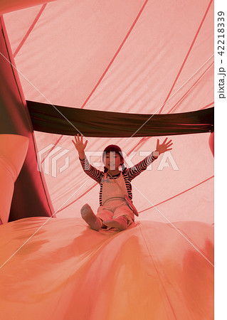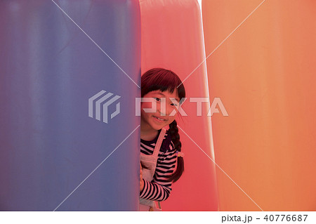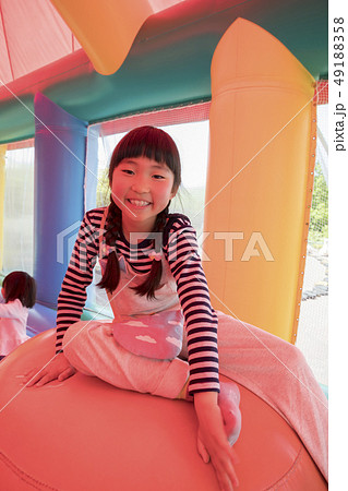 遊園地のエアー遊具であそぶ子供
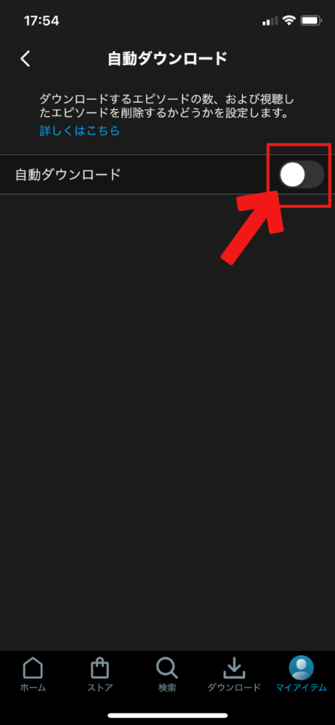 同時に下にある【視聴したエピソードを削除する】のスイッチを入れることで、視聴し終わったエピソードから自動で削除する設定にすることも可能です。
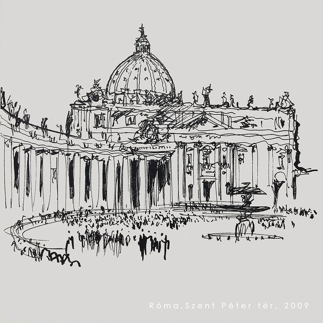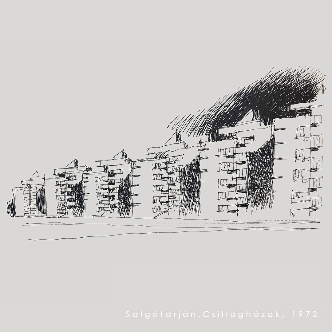 1958, azaz diplomázásom óta az ÉPÍTÉSZET teljesen magához béklyózott, életem meghatározó lényege lett, s bár építészként is a rajz, a rajz által vezetett, azzal párosult gondolkodás tervezési metódusom alapja, munkamódszerem (ha van ilyen) az örökös vázolás, s e vázolások által feltett kérdések – és persze a rájuk adottválaszok előre araszoló folyamata, amely elvezet tereim és formáim valóságáig.
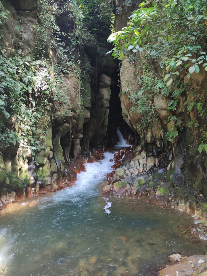 Cascada de La Leona, aguas termales y baños de barro

What you should do
Lines from the start of the listing above through the line holding "同時に下にある【視聴したエピ" are to be duplicated exactly, and nothing more; leave out the pictures.

Solution to the exercise
 遊園地のエアー遊具であそぶ子供
 同時に下にある【視聴したエピソードを削除する】のスイッチを入れることで、視聴し終わったエピソードから自動で削除する設定にすることも可能です。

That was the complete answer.